Старик Димитраки добился невероятных успехов, занимаясь татуировкой греческих моряков. У него была замечательно легкая рука и уверенный рисунок.
Я унес на своей груди маленький прямоугольник, воспаленный, покрасневший, изборожденный множеством уколов; впоследствии, зарубцевавшись, они составят выведенное по-турецки красивой синей краской имя Азиаде.

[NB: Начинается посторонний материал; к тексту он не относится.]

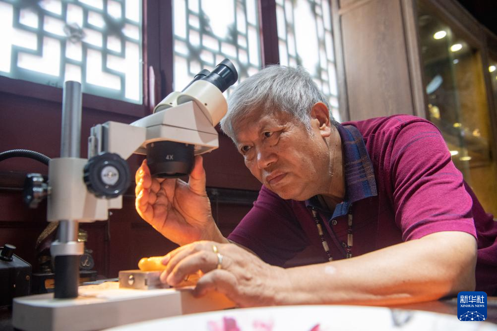 7月31日,潘启慧在通过显微镜观察微刻作品《清明上河图》。这件作品是在长5.29厘米、宽0.24厘米的动物骨头上仿刻《清明上河图》。

По мусульманскому поверью, эта татуировка, как и все другие приметы или дефекты моего земного тела, последует за мной в вечность.
ЛОТИ – ПЛАМКЕТТУ
Февраль 1877
О, какая это была ночь!.. Как красив был Стамбул!
В восемь часов я покинул «Дирхаунд».
Пройдя немалое расстояние, я добрался до Галаты и зашел к «мадам», чтобы прихватить по дороге Ахмета; вместе мы направились к Азар-Капу, двигаясь по лежащим на отшибе мусульманским кварталам.
Здесь, Пламкетт, каждый вечер нам предоставляется возможность выбрать одну из двух дорог, ведущих в Эюп.
Пройти по большому понтонному мосту, который ведет в Стамбул, затем кварталами Фанара, Балата, затем вдоль кладбища – дорога самая короткая и интересная, но ночью – самая опасная, и мы выбираем ее только тогда, когда с нами наш верный Самуил.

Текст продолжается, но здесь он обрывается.